Type out each entry exactly as it appears, but keep every image out.

Top of Dataset excerpts

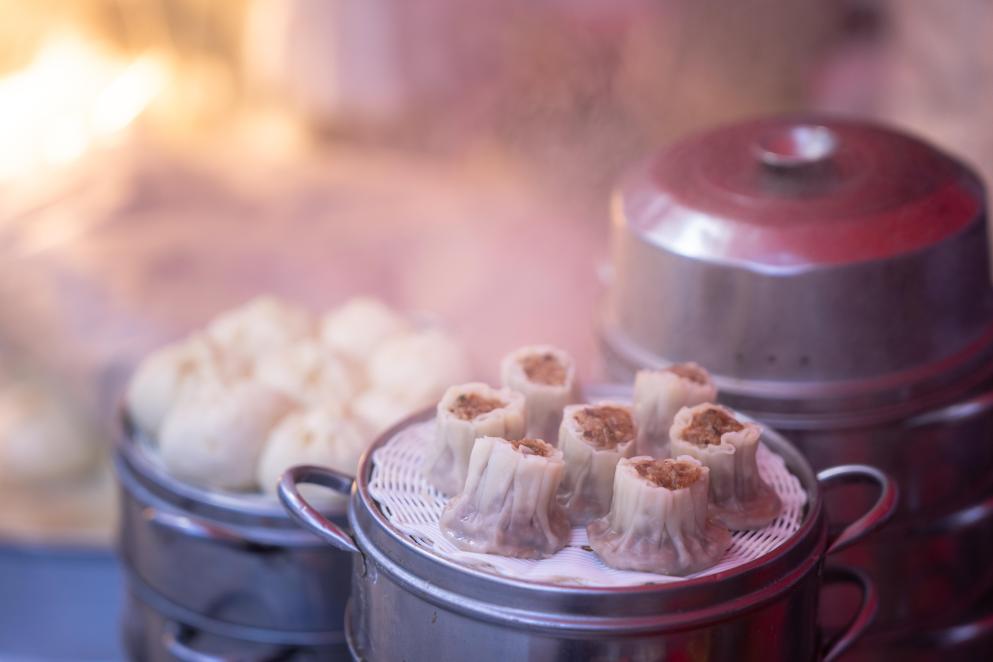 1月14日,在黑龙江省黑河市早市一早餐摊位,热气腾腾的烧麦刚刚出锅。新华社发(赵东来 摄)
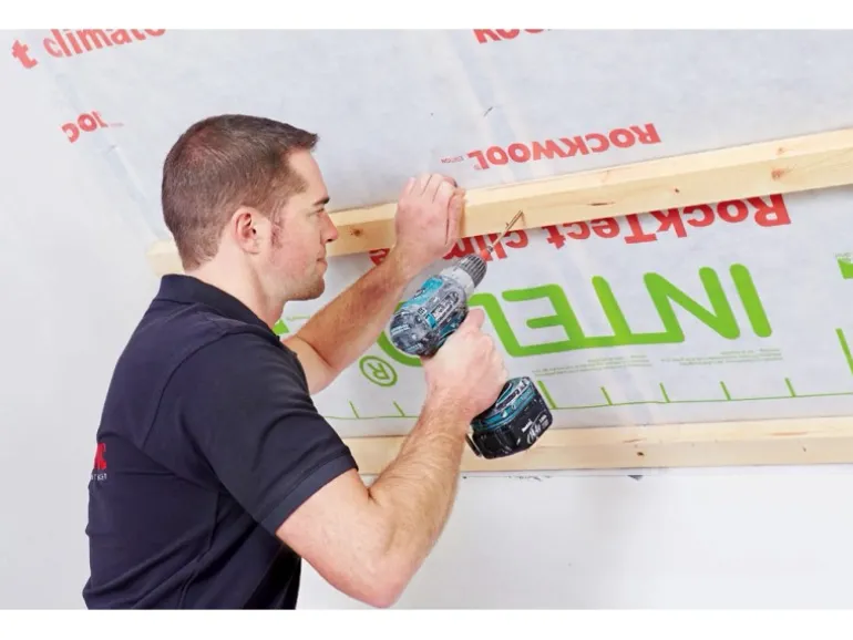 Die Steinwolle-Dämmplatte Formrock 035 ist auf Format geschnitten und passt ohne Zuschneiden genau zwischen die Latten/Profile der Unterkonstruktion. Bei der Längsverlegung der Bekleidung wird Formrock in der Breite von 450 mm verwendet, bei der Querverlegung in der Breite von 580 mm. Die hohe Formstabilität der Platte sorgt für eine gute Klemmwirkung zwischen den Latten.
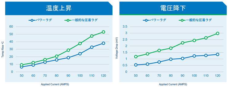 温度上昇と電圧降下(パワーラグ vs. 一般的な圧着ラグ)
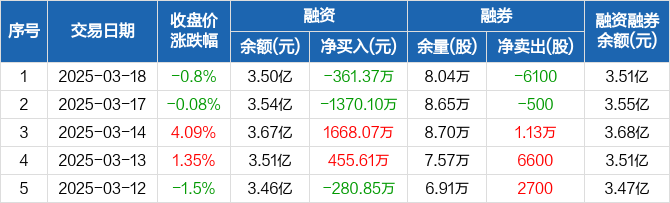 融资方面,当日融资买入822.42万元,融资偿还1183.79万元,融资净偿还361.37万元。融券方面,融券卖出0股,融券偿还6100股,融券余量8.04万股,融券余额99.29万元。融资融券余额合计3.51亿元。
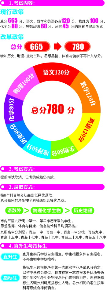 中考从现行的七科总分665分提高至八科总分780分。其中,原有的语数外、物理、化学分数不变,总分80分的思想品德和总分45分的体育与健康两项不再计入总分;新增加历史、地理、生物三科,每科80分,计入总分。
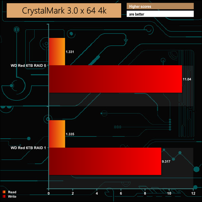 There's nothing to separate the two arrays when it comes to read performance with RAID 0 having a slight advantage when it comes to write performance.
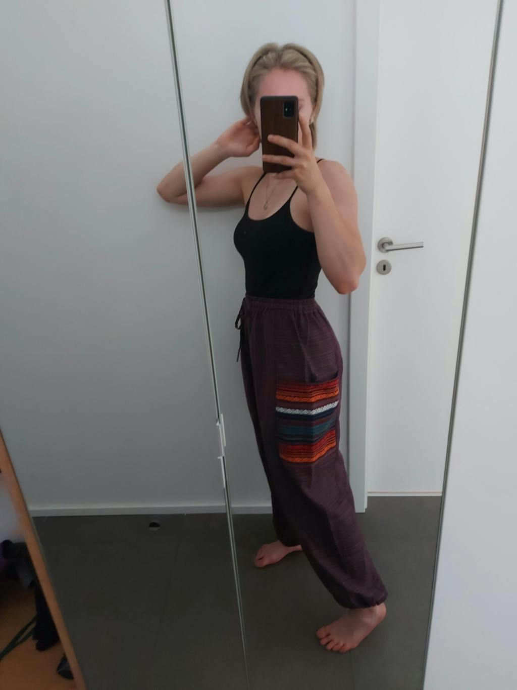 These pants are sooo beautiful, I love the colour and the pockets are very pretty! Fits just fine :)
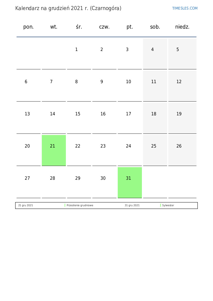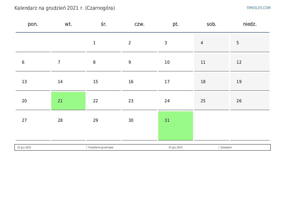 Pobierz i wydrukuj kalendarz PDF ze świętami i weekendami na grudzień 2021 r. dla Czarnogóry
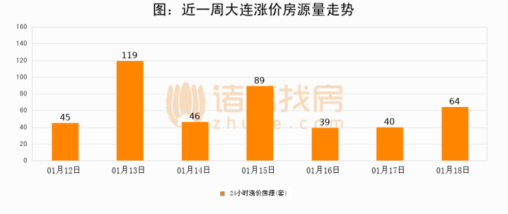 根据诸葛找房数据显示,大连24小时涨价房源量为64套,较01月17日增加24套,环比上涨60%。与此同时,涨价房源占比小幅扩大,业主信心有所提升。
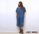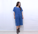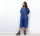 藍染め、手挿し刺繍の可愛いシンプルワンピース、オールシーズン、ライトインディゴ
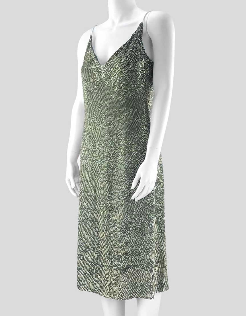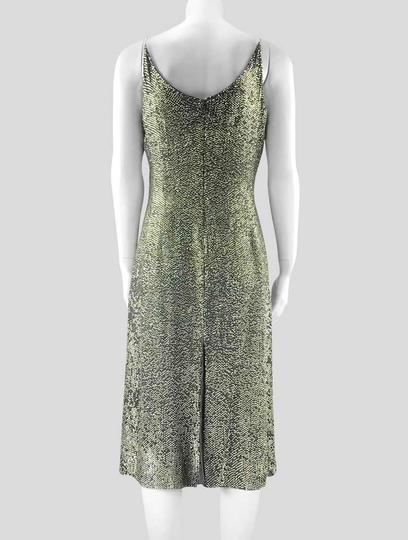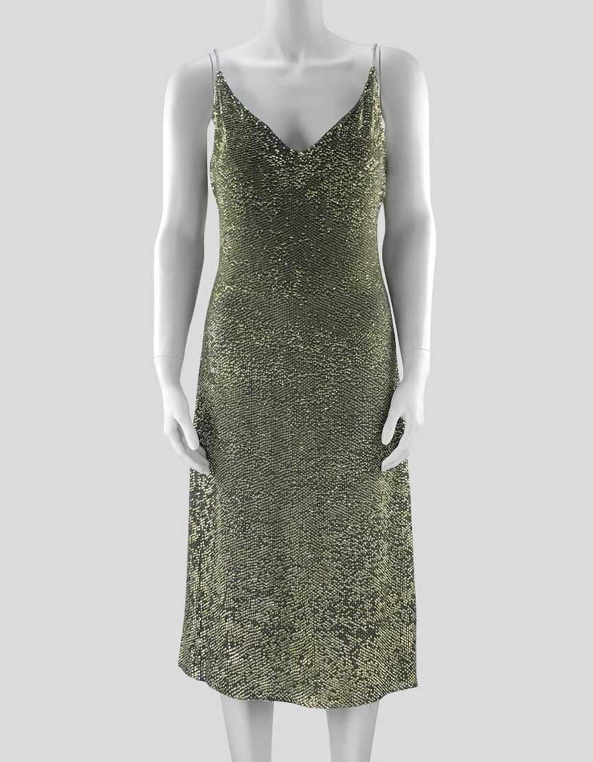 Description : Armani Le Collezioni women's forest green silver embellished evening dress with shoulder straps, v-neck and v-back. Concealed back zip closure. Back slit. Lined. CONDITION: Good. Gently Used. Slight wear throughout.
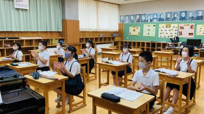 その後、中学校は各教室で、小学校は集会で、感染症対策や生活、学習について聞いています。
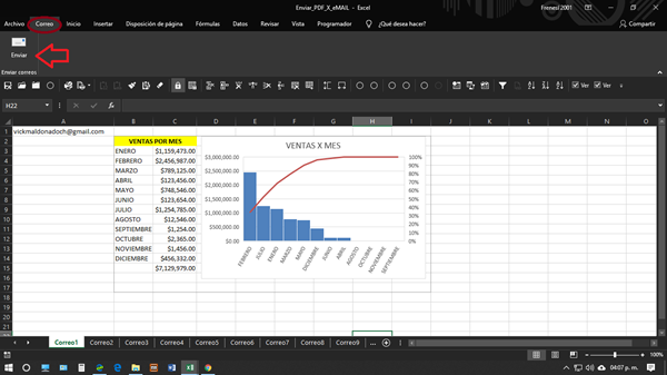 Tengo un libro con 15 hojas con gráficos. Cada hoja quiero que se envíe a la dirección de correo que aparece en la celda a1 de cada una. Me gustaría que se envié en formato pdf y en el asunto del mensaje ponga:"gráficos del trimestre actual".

Bottom of Dataset excerpts

Answer to the problem
 1月14日,在黑龙江省黑河市早市一早餐摊位,热气腾腾的烧麦刚刚出锅。新华社发(赵东来 摄)
 Die Steinwolle-Dämmplatte Formrock 035 ist auf Format geschnitten und passt ohne Zuschneiden genau zwischen die Latten/Profile der Unterkonstruktion. Bei der Längsverlegung der Bekleidung wird Formrock in der Breite von 450 mm verwendet, bei der Querverlegung in der Breite von 580 mm. Die hohe Formstabilität der Platte sorgt für eine gute Klemmwirkung zwischen den Latten.
 温度上昇と電圧降下(パワーラグ vs. 一般的な圧着ラグ)
 融资方面,当日融资买入822.42万元,融资偿还1183.79万元,融资净偿还361.37万元。融券方面,融券卖出0股,融券偿还6100股,融券余量8.04万股,融券余额99.29万元。融资融券余额合计3.51亿元。
 中考从现行的七科总分665分提高至八科总分780分。其中,原有的语数外、物理、化学分数不变,总分80分的思想品德和总分45分的体育与健康两项不再计入总分;新增加历史、地理、生物三科,每科80分,计入总分。
 There's nothing to separate the two arrays when it comes to read performance with RAID 0 having a slight advantage when it comes to write performance.
 These pants are sooo beautiful, I love the colour and the pockets are very pretty! Fits just fine :)
 Pobierz i wydrukuj kalendarz PDF ze świętami i weekendami na grudzień 2021 r. dla Czarnogóry
 根据诸葛找房数据显示,大连24小时涨价房源量为64套,较01月17日增加24套,环比上涨60%。与此同时,涨价房源占比小幅扩大,业主信心有所提升。
 藍染め、手挿し刺繍の可愛いシンプルワンピース、オールシーズン、ライトインディゴ
 Description : Armani Le Collezioni women's forest green silver embellished evening dress with shoulder straps, v-neck and v-back. Concealed back zip closure. Back slit. Lined. CONDITION: Good. Gently Used. Slight wear throughout.
 その後、中学校は各教室で、小学校は集会で、感染症対策や生活、学習について聞いています。
 Tengo un libro con 15 hojas con gráficos. Cada hoja quiero que se envíe a la dirección de correo que aparece en la celda a1 de cada una. Me gustaría que se envié en formato pdf y en el asunto del mensaje ponga:"gráficos del trimestre actual".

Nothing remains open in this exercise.